Case Presentation: We were presented with two cases of chronic T. indotineae infections that were being treated as adult-onset AD with topical steroids and immune modulators without resolution. A punch biopsy and fungal culture confirmed T. indotineae and antifungal therapy was initiated.
Discussion: The clinical similarity between AD and T.indotineae can lead to mistreatment, a prolonged infection course with the potential to spread, and hardship on the patient. AD in adulthood is less common and often a diagnosis of exclusion. To be thorough in a treatment-resistant eczematous profile, a skin biopsy, targeted laboratory tests, microscopic examination, and a KOH preparation may be indicated. Additionally, social history including travel to endemic areas is important. These measures may decrease mistreatment as AD treatments are ineffective for T. indotineae infections often make it worse.

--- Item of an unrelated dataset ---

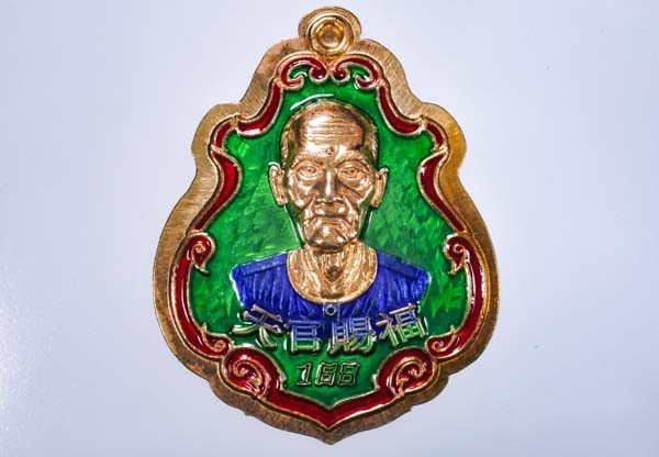 หลวงปู่ดู่ วัดสะแก ฉากเขียว จีวรส้ม ซีเปีย พิมพ์รูปไข่ หลังยันต์ เนื้อตะกั่ว ปี 53 พร้อมเลี่ยมใส |

Conclusion: T. indotineae represents an emerging global dermatophyte that may masquerade as adult-onset atopic dermatitis, particularly in patients with travel history to South Asia. As illustrated in these two cases, mismanagement not only delays clearance but may exacerbate the infection through immunosuppression and promote antifungal resistance, especially to terbinafine. Clinicians should maintain a high index of suspicion for T. indotineae in any presumed adult-onset or refractory AD that lacks personal or family history of atopy, involves atypical sites (buttocks and groin), or fails to improve after adequate trials of standard AD therapies. Early performance of a punch biopsy combined with fungal
culture is the gold standard for diagnosis. Simple bedside KOH preparation can be helpful but may also be falsely negative, especially in steroid-treated skin. Given the high prevalence of terbinafine resistance in T. indotineae isolates, itraconazole or voriconazole should be considered first-line systemic therapy. These cases underscore the importance of global awareness of evolving dermatophyte epidemiology in an era of frequent travel and migration.